#### What you need to do
When you reach a picture, skip it, and retype every line below exactly.
===== Dataset content
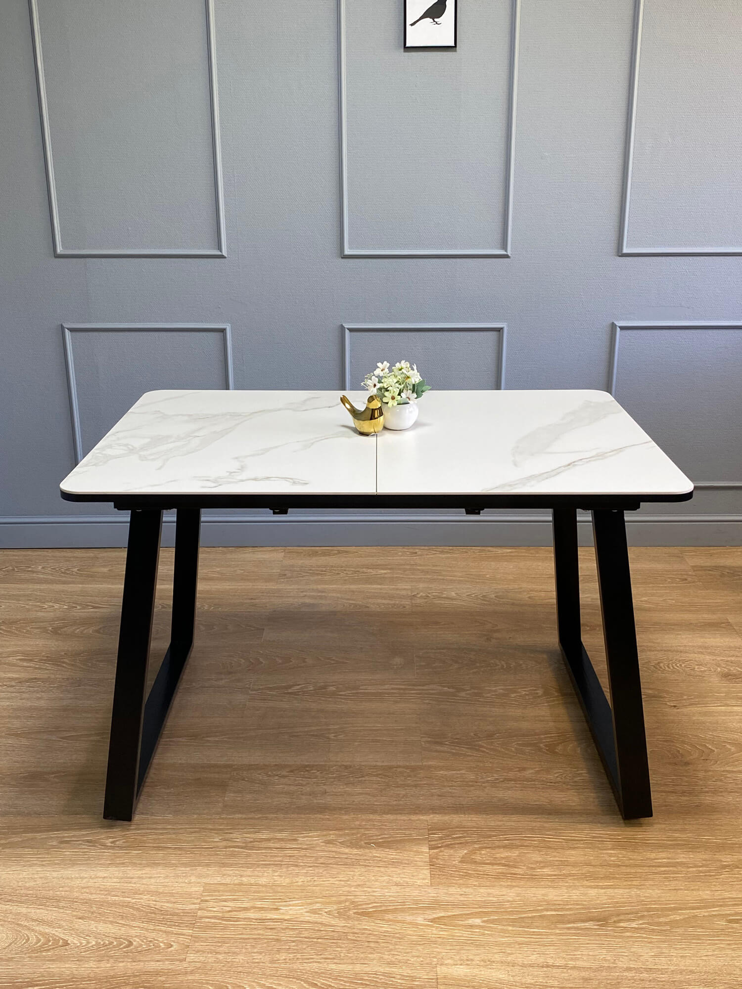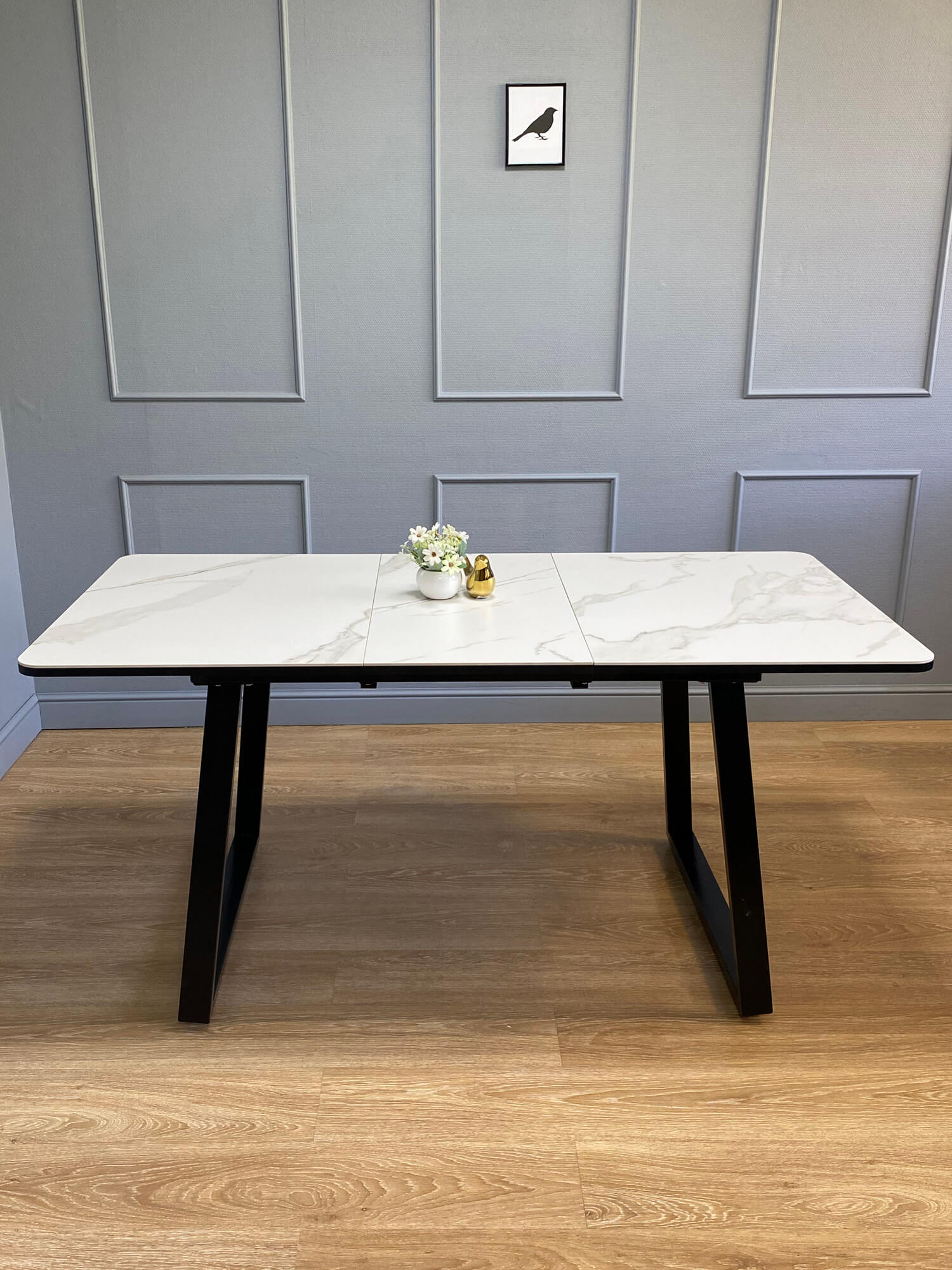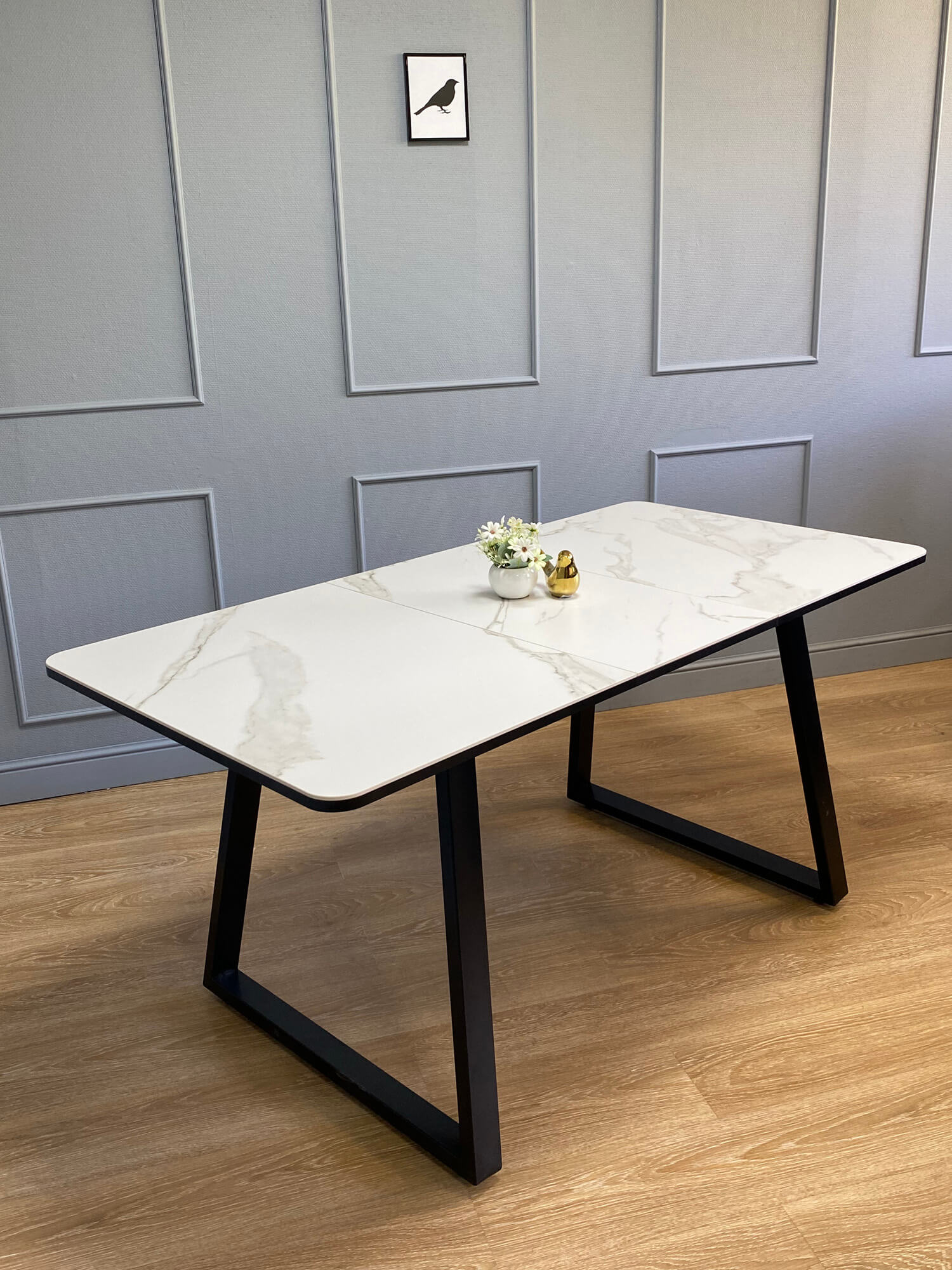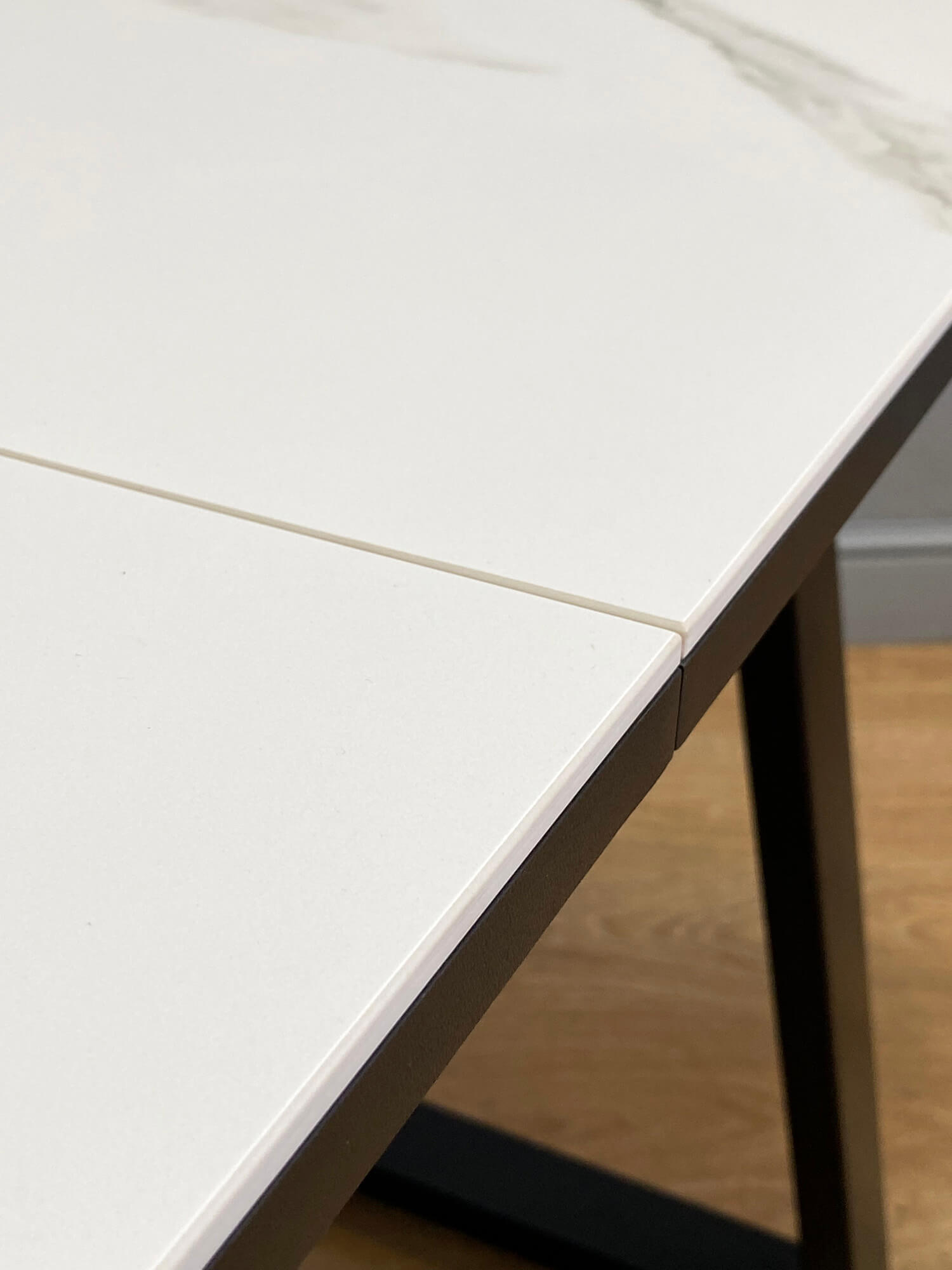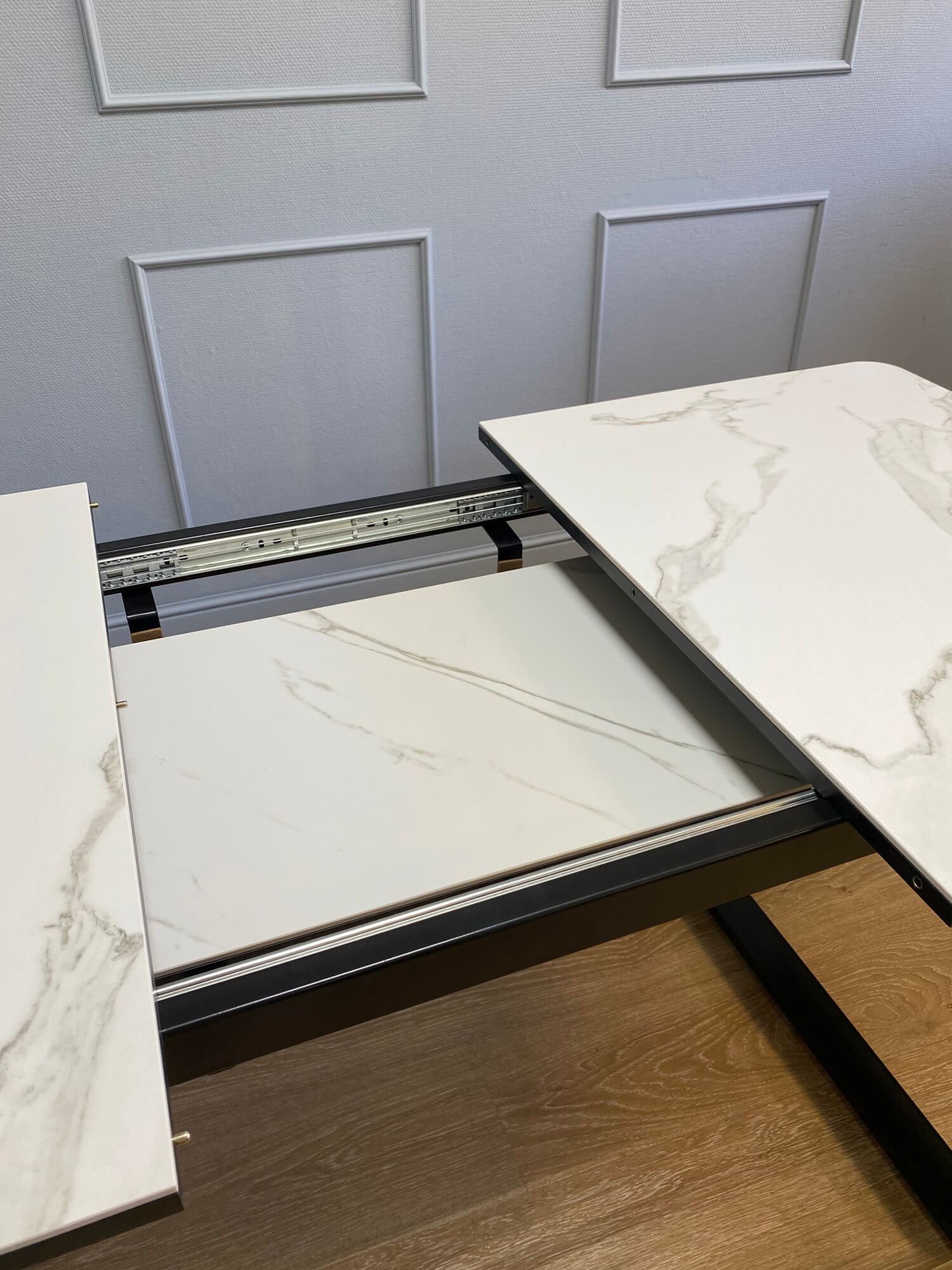 В сложенном виде стол с керамической столешницей рассчитан на 6 посадочных мест. Скругленные углы столешницы обеспечивают удобство и безопасность использования. Синхронный механизм раскладывания увеличивает длину стола на 40 см с помощю вставки, что позволяет разместить до 8 человек.
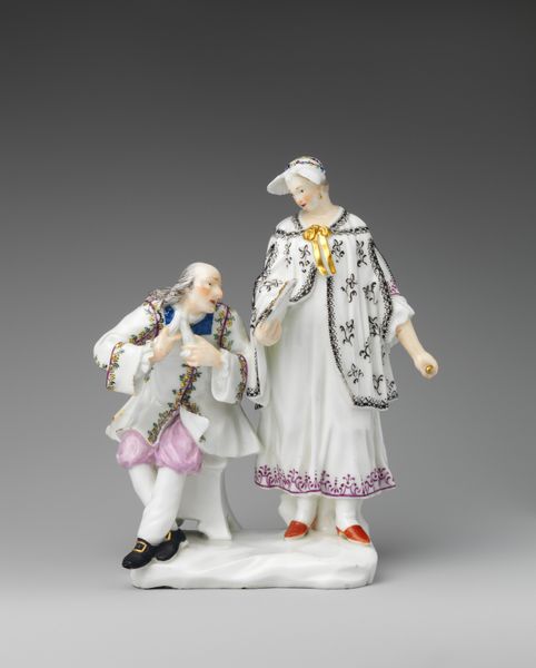 Editor: This striking porcelain sculpture, "Pas de Deux," made around 1755 to 1768 by the Ludwigsburg Porcelain Manufactory, captures a dynamic dancing duo. It’s incredibly detailed. I’m curious about your thoughts on it, what stands out to you? Curator: What interests me most is not just the surface-level elegance, but how its production reflects the social and economic landscape. Porcelain itself, especially during this period, was a luxury good. Its production was highly controlled, a symbol of wealth and power. Considering its materials— where would the Ludwigsburg manufactory have sourced its porcelain, its pigments, and how might labor have been organized to create this work? Editor: That's a great question, I hadn’t thought about where those raw materials would have originated. How does focusing on production change how we interpret the artwork itself? Curator: It invites us to think beyond the aristocratic subject matter and consider the human effort and global networks that made such displays of opulence possible. Did the makers identify with this artwork or where they simply executing commissions? Think about the elaborate costumes – were they simply aesthetic flourishes or did they have some connection with societal hierarchies and values of the time? Editor: I see what you mean. It makes you consider what conditions these artisans worked under to create these luxury objects. This piece becomes not just decorative, but also an indication of wealth distribution in the Rococo Era. Curator: Exactly! And think about where the item was meant to be placed. Understanding where this piece would have lived—a palace display, perhaps?—adds another layer to its meaning. How was porcelain used to demonstrate status and taste within elite circles? Editor: So, rather than just seeing a pretty dancing couple, we're also looking at the story of its making and its place in a broader network of production and consumption. Thank you, that shifted my perception entirely. Curator: Indeed! Material analysis pushes us beyond aesthetic appreciation into deeper socioeconomic insight.
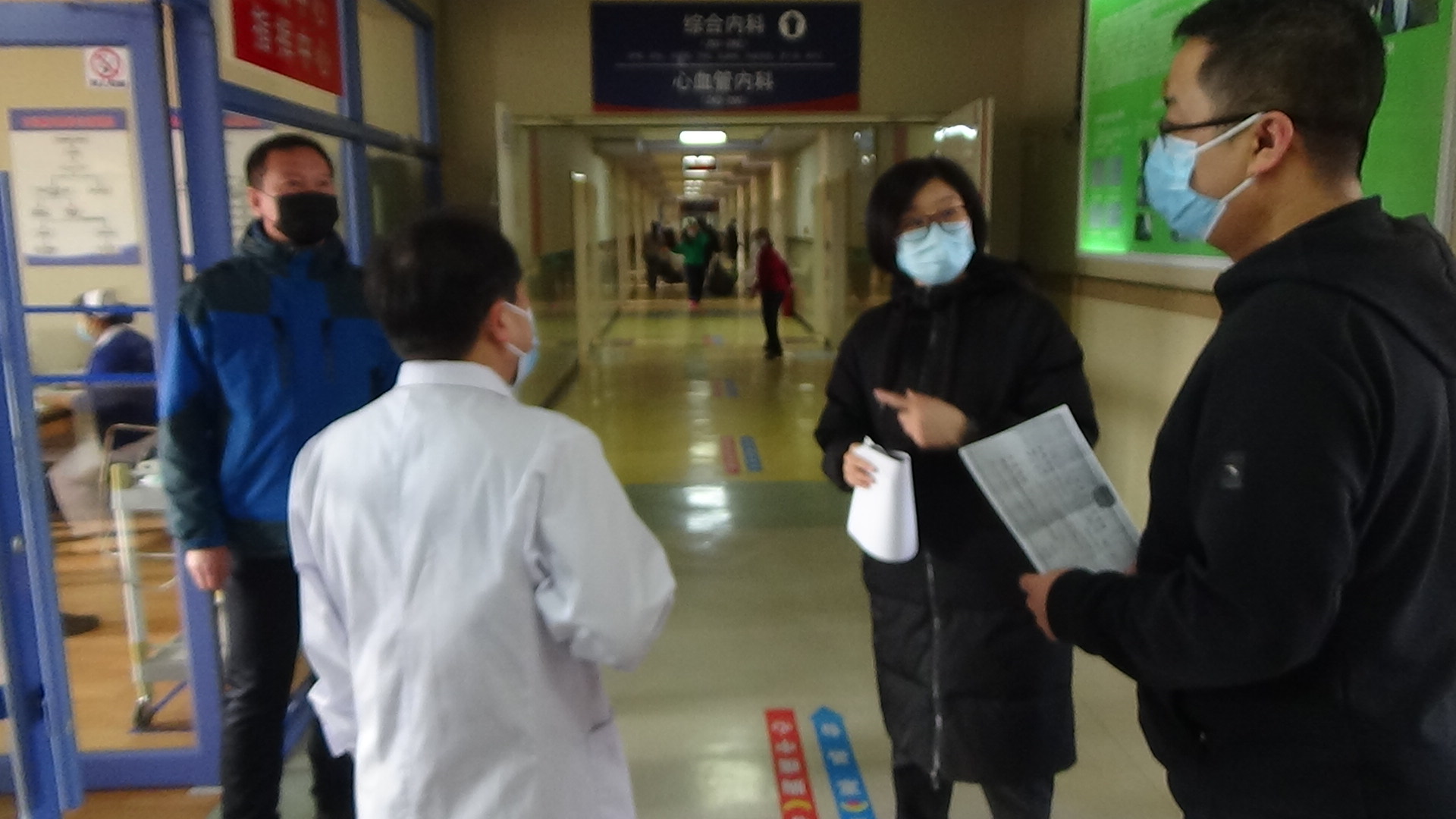 图为:执法人员询问案件有关责任人
==========
#### Expected output
 В сложенном виде стол с керамической столешницей рассчитан на 6 посадочных мест. Скругленные углы столешницы обеспечивают удобство и безопасность использования. Синхронный механизм раскладывания увеличивает длину стола на 40 см с помощю вставки, что позволяет разместить до 8 человек.
 Editor: This striking porcelain sculpture, "Pas de Deux," made around 1755 to 1768 by the Ludwigsburg Porcelain Manufactory, captures a dynamic dancing duo. It’s incredibly detailed. I’m curious about your thoughts on it, what stands out to you? Curator: What interests me most is not just the surface-level elegance, but how its production reflects the social and economic landscape. Porcelain itself, especially during this period, was a luxury good. Its production was highly controlled, a symbol of wealth and power. Considering its materials— where would the Ludwigsburg manufactory have sourced its porcelain, its pigments, and how might labor have been organized to create this work? Editor: That's a great question, I hadn’t thought about where those raw materials would have originated. How does focusing on production change how we interpret the artwork itself? Curator: It invites us to think beyond the aristocratic subject matter and consider the human effort and global networks that made such displays of opulence possible. Did the makers identify with this artwork or where they simply executing commissions? Think about the elaborate costumes – were they simply aesthetic flourishes or did they have some connection with societal hierarchies and values of the time? Editor: I see what you mean. It makes you consider what conditions these artisans worked under to create these luxury objects. This piece becomes not just decorative, but also an indication of wealth distribution in the Rococo Era. Curator: Exactly! And think about where the item was meant to be placed. Understanding where this piece would have lived—a palace display, perhaps?—adds another layer to its meaning. How was porcelain used to demonstrate status and taste within elite circles? Editor: So, rather than just seeing a pretty dancing couple, we're also looking at the story of its making and its place in a broader network of production and consumption. Thank you, that shifted my perception entirely. Curator: Indeed! Material analysis pushes us beyond aesthetic appreciation into deeper socioeconomic insight.
 图为:执法人员询问案件有关责任人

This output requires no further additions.